> **Work request**
A line below contains "A modern, elegant", and a later one contains "Si le Traité". Repeat both, with every line between them, exactly.

> **Material provided**

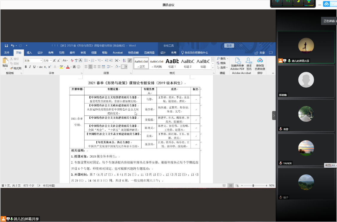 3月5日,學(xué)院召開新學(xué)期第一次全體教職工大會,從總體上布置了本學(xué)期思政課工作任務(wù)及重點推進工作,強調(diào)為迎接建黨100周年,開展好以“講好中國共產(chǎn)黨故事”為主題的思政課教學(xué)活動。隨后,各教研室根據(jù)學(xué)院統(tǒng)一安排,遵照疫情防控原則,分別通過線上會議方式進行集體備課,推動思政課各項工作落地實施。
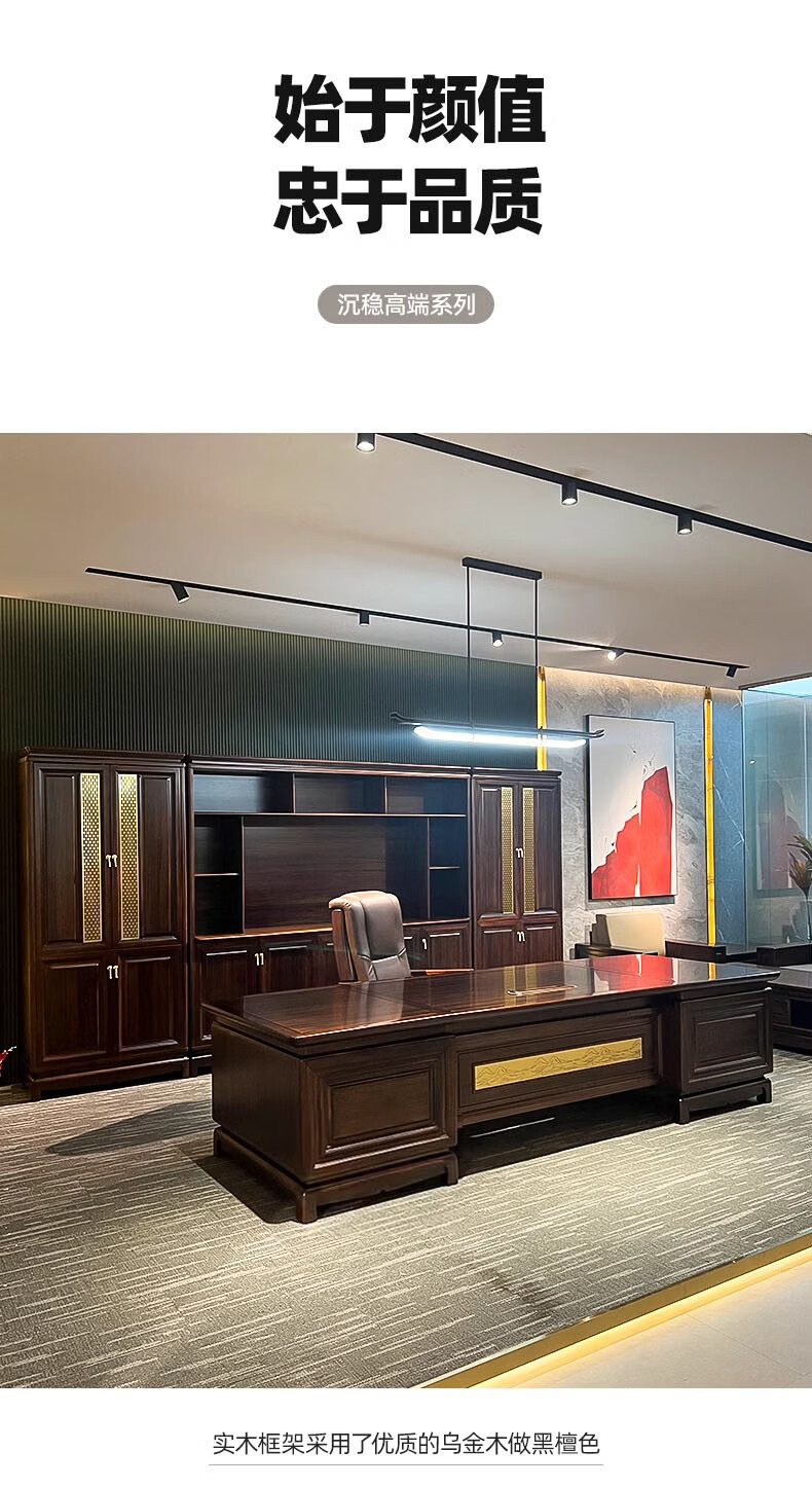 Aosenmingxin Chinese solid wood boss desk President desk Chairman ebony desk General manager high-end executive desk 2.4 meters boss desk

--

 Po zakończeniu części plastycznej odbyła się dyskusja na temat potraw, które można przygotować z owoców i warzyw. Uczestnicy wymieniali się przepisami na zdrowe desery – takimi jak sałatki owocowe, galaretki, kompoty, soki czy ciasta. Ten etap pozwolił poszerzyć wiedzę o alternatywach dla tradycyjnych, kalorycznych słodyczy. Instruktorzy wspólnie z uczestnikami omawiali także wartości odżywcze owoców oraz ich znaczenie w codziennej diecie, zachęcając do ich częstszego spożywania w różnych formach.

---

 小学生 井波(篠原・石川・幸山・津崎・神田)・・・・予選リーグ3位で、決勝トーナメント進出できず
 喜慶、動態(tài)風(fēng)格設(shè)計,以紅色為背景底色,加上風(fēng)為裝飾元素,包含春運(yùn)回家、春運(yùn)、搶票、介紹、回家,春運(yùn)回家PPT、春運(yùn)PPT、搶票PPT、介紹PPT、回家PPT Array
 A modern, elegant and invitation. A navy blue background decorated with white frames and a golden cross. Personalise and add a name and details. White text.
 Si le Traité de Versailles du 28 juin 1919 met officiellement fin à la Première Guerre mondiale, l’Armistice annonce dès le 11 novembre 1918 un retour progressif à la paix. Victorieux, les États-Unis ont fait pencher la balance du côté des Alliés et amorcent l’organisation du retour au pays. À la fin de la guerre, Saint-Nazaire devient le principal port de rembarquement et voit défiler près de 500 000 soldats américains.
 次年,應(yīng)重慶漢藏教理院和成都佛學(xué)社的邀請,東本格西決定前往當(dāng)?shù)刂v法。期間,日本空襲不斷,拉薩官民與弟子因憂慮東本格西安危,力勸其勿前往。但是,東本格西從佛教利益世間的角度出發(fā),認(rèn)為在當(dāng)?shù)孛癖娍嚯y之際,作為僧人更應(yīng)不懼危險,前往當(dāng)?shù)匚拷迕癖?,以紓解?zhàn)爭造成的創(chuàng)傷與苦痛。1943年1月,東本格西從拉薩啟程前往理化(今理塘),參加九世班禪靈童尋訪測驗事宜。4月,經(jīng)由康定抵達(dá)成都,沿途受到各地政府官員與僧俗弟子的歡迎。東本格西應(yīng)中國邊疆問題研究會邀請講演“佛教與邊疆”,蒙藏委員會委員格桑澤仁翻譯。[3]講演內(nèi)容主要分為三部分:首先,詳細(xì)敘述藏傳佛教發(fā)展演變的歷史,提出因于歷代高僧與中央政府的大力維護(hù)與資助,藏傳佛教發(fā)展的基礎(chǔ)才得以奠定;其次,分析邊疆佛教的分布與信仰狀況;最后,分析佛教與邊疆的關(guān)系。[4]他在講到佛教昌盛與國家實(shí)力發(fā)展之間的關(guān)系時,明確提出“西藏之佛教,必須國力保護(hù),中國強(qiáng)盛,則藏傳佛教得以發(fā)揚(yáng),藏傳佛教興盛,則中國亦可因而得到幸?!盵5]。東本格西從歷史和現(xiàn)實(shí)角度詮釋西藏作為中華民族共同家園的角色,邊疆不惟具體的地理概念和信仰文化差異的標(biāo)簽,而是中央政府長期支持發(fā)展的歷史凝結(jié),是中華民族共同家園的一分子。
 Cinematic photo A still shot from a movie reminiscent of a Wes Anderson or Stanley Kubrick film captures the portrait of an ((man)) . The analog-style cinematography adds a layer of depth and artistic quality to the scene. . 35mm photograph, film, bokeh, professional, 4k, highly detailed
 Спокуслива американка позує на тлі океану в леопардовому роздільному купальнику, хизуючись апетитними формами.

> **Result for this exercise**
 A modern, elegant and invitation. A navy blue background decorated with white frames and a golden cross. Personalise and add a name and details. White text.
 Si le Traité de Versailles du 28 juin 1919 met officiellement fin à la Première Guerre mondiale, l’Armistice annonce dès le 11 novembre 1918 un retour progressif à la paix. Victorieux, les États-Unis ont fait pencher la balance du côté des Alliés et amorcent l’organisation du retour au pays. À la fin de la guerre, Saint-Nazaire devient le principal port de rembarquement et voit défiler près de 500 000 soldats américains.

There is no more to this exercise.